Thanks for the encouragement!!!! I know I am losing weight because the scale is going down and my clothes are too big but when I look in the mirror I dont see a big difference I guess thats because I see myself everyday hahahaha

Unfortuantley a trainer/nutritionist isnt in the financial scope of things for me right now. I have to be honest the exercising has not been a very regular thing I would do some cardio a couple times a week and did the weight circuit at the gym a couple times. I was trying to approach the weight loss thing with baby steps I was afraid that if I changed my diet and hit the exercise hard I might get overwhelmed and fall off the wagon. 

But now it is clear that diet alone is not going to give me the results I want. I think that cardio is the main thing I need to do right now. I have been doing research online and everything I come across says cardio for weight loss and also some strength training to help keep your current muscles. Insight in this topic would be greatly appreciated as well =)

As far as different activites I am not oppossed to them. I have never really hiked but have always wanted to....just means I have to find someone to go with!


----------



## Amplexor

Congrats Stumped that’s great. :smthumbup: The first pounds come off the easiest. Keep up the great work and do this for your self as much as for him. Need someone to hike with you? Sounds like a great opportunity to get hubby involved. Something to do together to help continue to build those bonds. Good luck.


----------



## Chopblock

My gf is the same way: "I don't see it, I don't see it". She wants to look in the mirror tomorrow and see a stick staring back at her :/. It just doesn't work that way.

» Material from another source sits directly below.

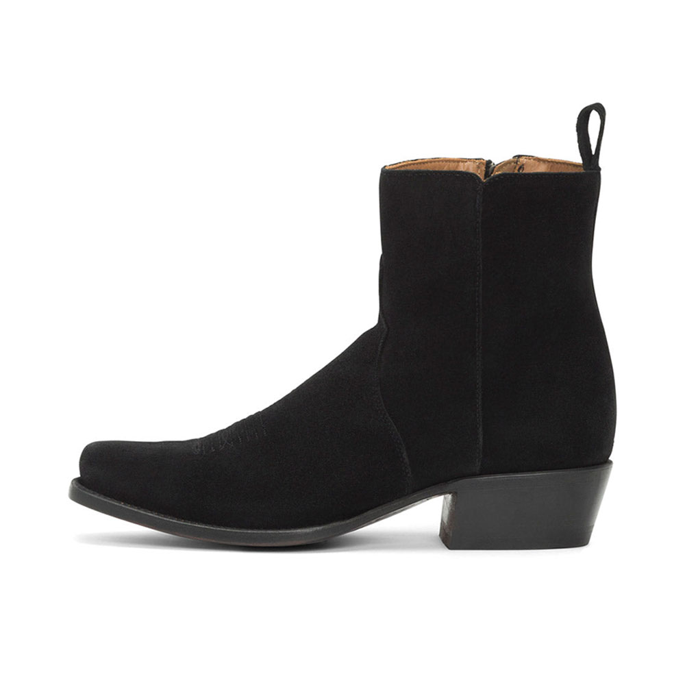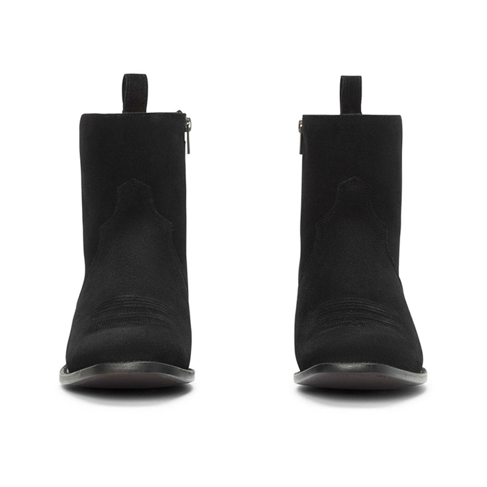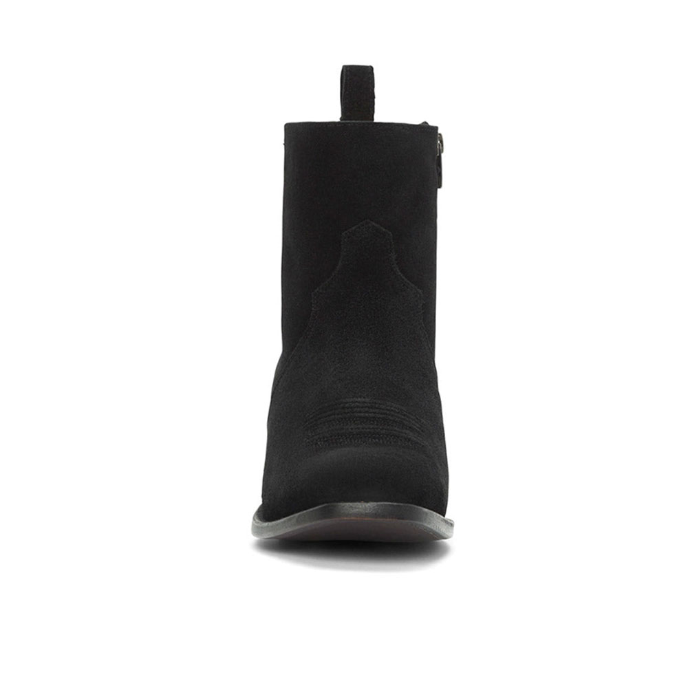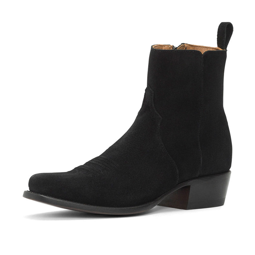 Black Vegan Suede Chunky Heel Square Toe Zipper Booties for Women

You are right that dieting alone won't do it -- your body just becomes used to less. Cardio will help immensely. Also, if you do weight training, remember muscle weighs more than fat, so while the scale won't go down, your shape will still change.

As far as the trainer being out of budget... make sure you actually look into it. A trainer does not have to cost $200+ per hour. Look around and see what you can find -- don't just go through gyms, look in the phone book or on line. 

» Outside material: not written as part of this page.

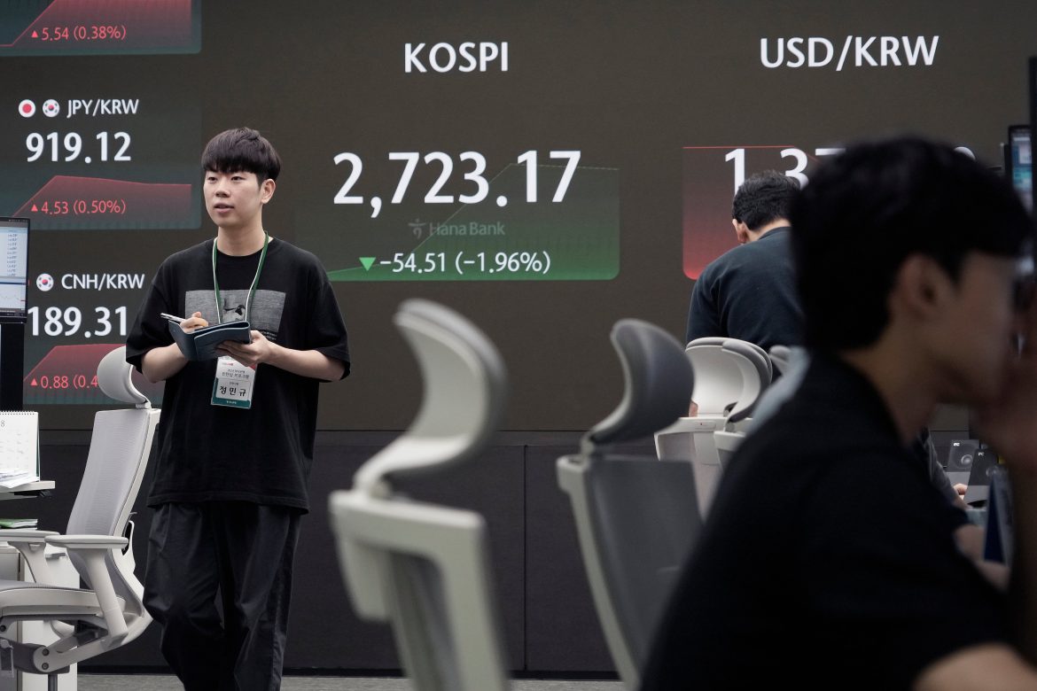 Um operador de câmbio observa monitores perto da tela que mostram o Índice de Preços de Ações Composto da Coreia (KOSPI), à esquerda, e a taxa de câmbio entre o dólar americano e o won sul-coreano na sala de negociação de câmbio da sede do KEB Hana Bank em Seul, Coreia do Sul, sexta-feira, 2 de agosto de 2024. (Foto AP/Ahn Young-joon)

Even if its $100 for one session, it probably is worth it. You can tell a professional what you want, and have that person craft a workout for you that will get the results you want. You can then have a follow up session a month or two later to re-evaluate. Even if you have to charge that on a CC, it is an investment in yourself and the payoff is WAY worth it. When you are at a lower rate, you might save money in insurance premiums, and gas (carting around less weight). If you have any vices like starbucks or eating out, I bet you could find the money with some budget trimming. I'm just saying don't write it off immediately -- the benefit can be incredible. I watched my mom lose 85+ lbs (and she was in her 50s at the time) doing that.


----------



## stumped

Amplexor said:


> Congrats Stumped that’s great. :smthumbup: The first pounds come off the easiest. Keep up the great work and do this for your self as much as for him. Need someone to hike with you? Sounds like a great opportunity to get hubby involved. Something to do together to help continue to build those bonds. Good luck.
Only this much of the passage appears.